- [Exercise requirements]: Once the pictures are set aside, transcribe the remaining data exactly.

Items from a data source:
====
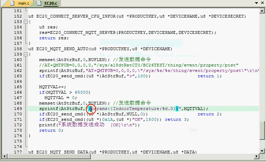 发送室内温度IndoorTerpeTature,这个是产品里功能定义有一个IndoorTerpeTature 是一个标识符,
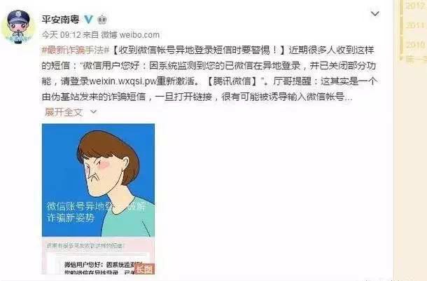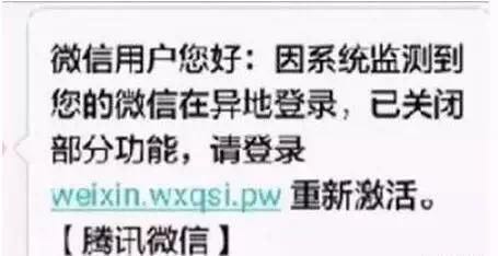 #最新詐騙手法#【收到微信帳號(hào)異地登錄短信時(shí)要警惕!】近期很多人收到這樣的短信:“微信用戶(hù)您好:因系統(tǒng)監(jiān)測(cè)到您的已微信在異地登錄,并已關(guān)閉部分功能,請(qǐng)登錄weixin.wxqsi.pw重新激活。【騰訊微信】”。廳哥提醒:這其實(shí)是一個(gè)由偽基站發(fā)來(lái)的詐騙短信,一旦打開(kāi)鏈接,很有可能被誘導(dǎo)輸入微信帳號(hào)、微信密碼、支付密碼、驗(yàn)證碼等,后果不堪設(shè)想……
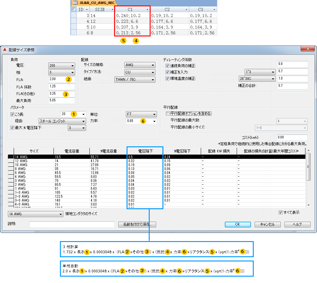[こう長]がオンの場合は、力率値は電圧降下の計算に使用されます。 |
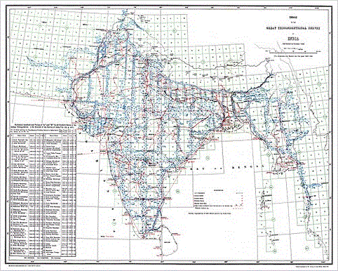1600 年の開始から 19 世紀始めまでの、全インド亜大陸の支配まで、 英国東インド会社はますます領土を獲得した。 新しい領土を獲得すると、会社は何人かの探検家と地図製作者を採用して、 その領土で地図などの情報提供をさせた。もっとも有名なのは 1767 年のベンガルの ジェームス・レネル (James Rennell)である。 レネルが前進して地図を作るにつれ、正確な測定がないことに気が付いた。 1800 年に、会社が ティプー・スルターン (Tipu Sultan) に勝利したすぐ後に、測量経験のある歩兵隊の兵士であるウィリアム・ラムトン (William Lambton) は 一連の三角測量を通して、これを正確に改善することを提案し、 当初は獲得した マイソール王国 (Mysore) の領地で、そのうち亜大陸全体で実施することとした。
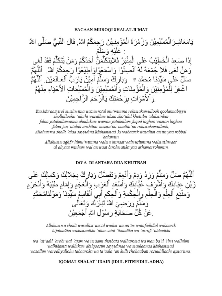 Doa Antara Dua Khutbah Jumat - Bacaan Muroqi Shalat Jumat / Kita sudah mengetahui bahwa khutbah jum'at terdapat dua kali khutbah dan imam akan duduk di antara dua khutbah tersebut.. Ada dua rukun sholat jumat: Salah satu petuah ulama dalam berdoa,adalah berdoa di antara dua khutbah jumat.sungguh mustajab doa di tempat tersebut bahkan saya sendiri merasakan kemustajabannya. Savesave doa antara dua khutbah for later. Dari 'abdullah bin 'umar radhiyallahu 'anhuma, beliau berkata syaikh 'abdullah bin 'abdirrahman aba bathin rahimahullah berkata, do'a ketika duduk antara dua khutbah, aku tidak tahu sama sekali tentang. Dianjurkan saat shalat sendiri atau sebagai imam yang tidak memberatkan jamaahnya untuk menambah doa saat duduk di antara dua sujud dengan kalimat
====
- [Response for this exercise]:
 发送室内温度IndoorTerpeTature,这个是产品里功能定义有一个IndoorTerpeTature 是一个标识符,
 #最新詐騙手法#【收到微信帳號(hào)異地登錄短信時(shí)要警惕!】近期很多人收到這樣的短信:“微信用戶(hù)您好:因系統(tǒng)監(jiān)測(cè)到您的已微信在異地登錄,并已關(guān)閉部分功能,請(qǐng)登錄weixin.wxqsi.pw重新激活。【騰訊微信】”。廳哥提醒:這其實(shí)是一個(gè)由偽基站發(fā)來(lái)的詐騙短信,一旦打開(kāi)鏈接,很有可能被誘導(dǎo)輸入微信帳號(hào)、微信密碼、支付密碼、驗(yàn)證碼等,后果不堪設(shè)想……
[こう長]がオンの場合は、力率値は電圧降下の計算に使用されます。 |
1600 年の開始から 19 世紀始めまでの、全インド亜大陸の支配まで、 英国東インド会社はますます領土を獲得した。 新しい領土を獲得すると、会社は何人かの探検家と地図製作者を採用して、 その領土で地図などの情報提供をさせた。もっとも有名なのは 1767 年のベンガルの ジェームス・レネル (James Rennell)である。 レネルが前進して地図を作るにつれ、正確な測定がないことに気が付いた。 1800 年に、会社が ティプー・スルターン (Tipu Sultan) に勝利したすぐ後に、測量経験のある歩兵隊の兵士であるウィリアム・ラムトン (William Lambton) は 一連の三角測量を通して、これを正確に改善することを提案し、 当初は獲得した マイソール王国 (Mysore) の領地で、そのうち亜大陸全体で実施することとした。
 Doa Antara Dua Khutbah Jumat - Bacaan Muroqi Shalat Jumat / Kita sudah mengetahui bahwa khutbah jum'at terdapat dua kali khutbah dan imam akan duduk di antara dua khutbah tersebut.. Ada dua rukun sholat jumat: Salah satu petuah ulama dalam berdoa,adalah berdoa di antara dua khutbah jumat.sungguh mustajab doa di tempat tersebut bahkan saya sendiri merasakan kemustajabannya. Savesave doa antara dua khutbah for later. Dari 'abdullah bin 'umar radhiyallahu 'anhuma, beliau berkata syaikh 'abdullah bin 'abdirrahman aba bathin rahimahullah berkata, do'a ketika duduk antara dua khutbah, aku tidak tahu sama sekali tentang. Dianjurkan saat shalat sendiri atau sebagai imam yang tidak memberatkan jamaahnya untuk menambah doa saat duduk di antara dua sujud dengan kalimat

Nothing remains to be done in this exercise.